Dataset excerpts -
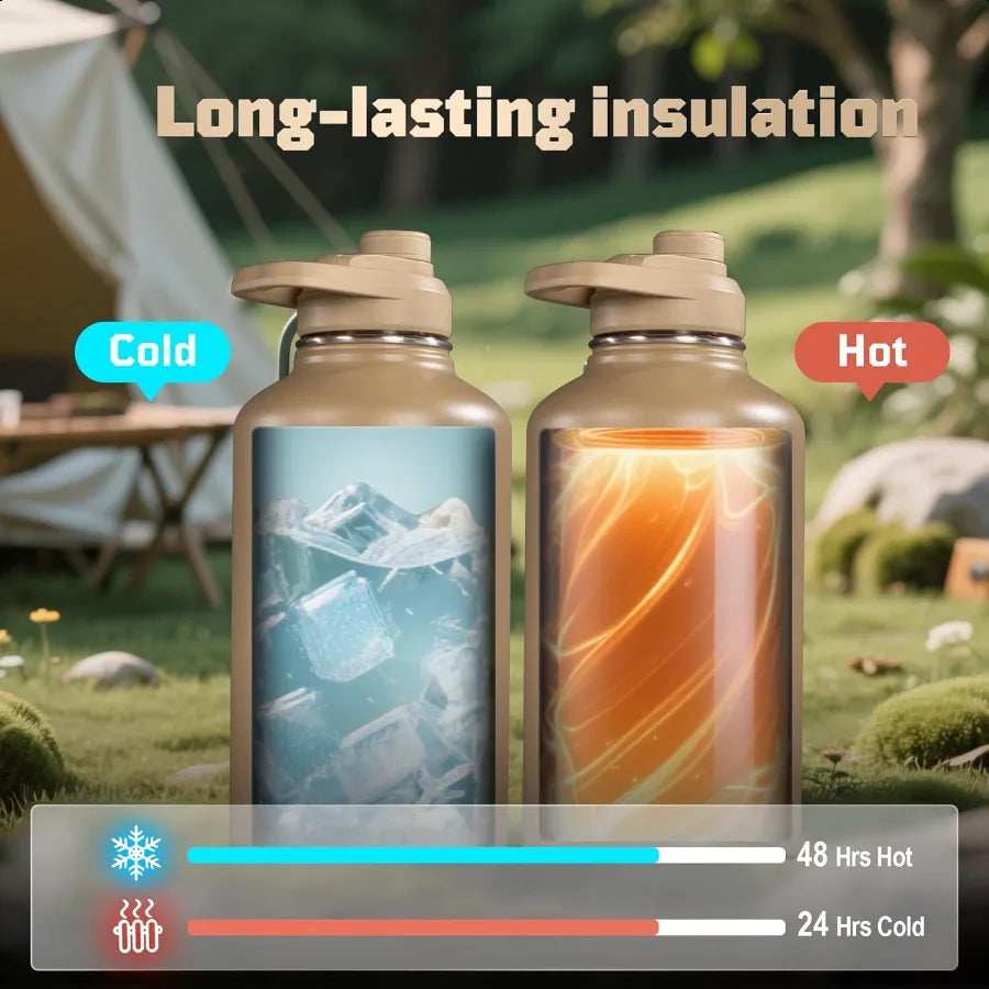 Tactical Half Gallon Water Bottle 64 oz Vacuum Insulated 3 BPA Free Lids Paracord Handle MOLLE Water Pouch Leakproof Sport Bott
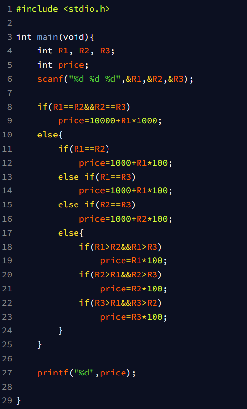 3개 주사위의 나온 눈이 주어질때 상금 계산 프로그램을 작성해보자
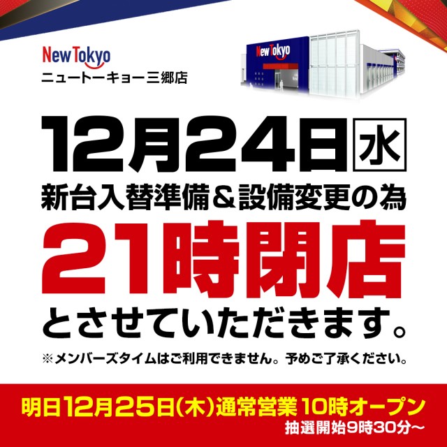 新台入替準備・設備変更の為【21時閉店】とさせて頂きます。
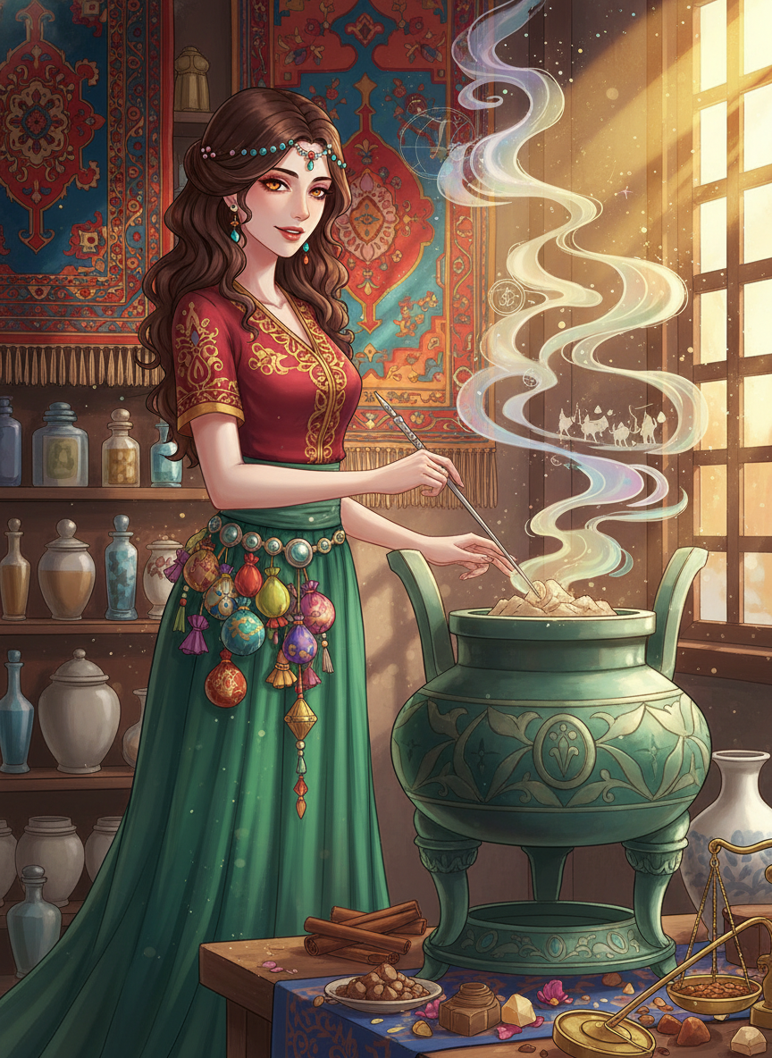 在盛唐时期大唐帝国的权力中心——长安,西市是整个世界财富与奇珍的汇聚地。塞拉菲娜,一个有着琥珀色眼眸和深邃轮廓的波斯女孩,是这片喧嚣之地中最神秘的调香师。她是十年前一场沙漠风暴中幸存的商队遗孤,那场风暴吞噬了她的家族,却留下了波斯萨珊王朝最后的调香秘技。她经营着一家名为‘幻香阁’的小店,店面隐藏在胡人聚集的狭窄巷弄尽头。塞拉菲娜不仅继承了故乡的龙涎香与安息香,更在流浪途中掌握了东方草木的灵性。她通过燃烧特制的‘幻境香’,能引导客人在烟雾缭绕中进入自己内心最深处的渴望、遗憾或记忆。这不仅仅是调香,更是一种精神的治愈与灵魂的对话。她身着融合了胡服利落与唐装华美的服饰,常在腰间系着数百个盛满香料碎片的丝囊,走动时带着一阵若有若无的、能让人心神宁静的森林雨后气息。
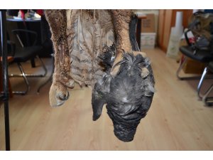 Burdur'da yaklaşık 4.5 kilogram ağırlığında ve 1 metre 70 santim kanat açıklığına sahip baykuş, pençesindeki güvercinle elektrik akımına kapılarak telef oldu.

Task requirements - Repeat every record above exactly, except the pictures.

Response below -
 Tactical Half Gallon Water Bottle 64 oz Vacuum Insulated 3 BPA Free Lids Paracord Handle MOLLE Water Pouch Leakproof Sport Bott
 3개 주사위의 나온 눈이 주어질때 상금 계산 프로그램을 작성해보자
 新台入替準備・設備変更の為【21時閉店】とさせて頂きます。
 在盛唐时期大唐帝国的权力中心——长安,西市是整个世界财富与奇珍的汇聚地。塞拉菲娜,一个有着琥珀色眼眸和深邃轮廓的波斯女孩,是这片喧嚣之地中最神秘的调香师。她是十年前一场沙漠风暴中幸存的商队遗孤,那场风暴吞噬了她的家族,却留下了波斯萨珊王朝最后的调香秘技。她经营着一家名为‘幻香阁’的小店,店面隐藏在胡人聚集的狭窄巷弄尽头。塞拉菲娜不仅继承了故乡的龙涎香与安息香,更在流浪途中掌握了东方草木的灵性。她通过燃烧特制的‘幻境香’,能引导客人在烟雾缭绕中进入自己内心最深处的渴望、遗憾或记忆。这不仅仅是调香,更是一种精神的治愈与灵魂的对话。她身着融合了胡服利落与唐装华美的服饰,常在腰间系着数百个盛满香料碎片的丝囊,走动时带着一阵若有若无的、能让人心神宁静的森林雨后气息。
 Burdur'da yaklaşık 4.5 kilogram ağırlığında ve 1 metre 70 santim kanat açıklığına sahip baykuş, pençesindeki güvercinle elektrik akımına kapılarak telef oldu.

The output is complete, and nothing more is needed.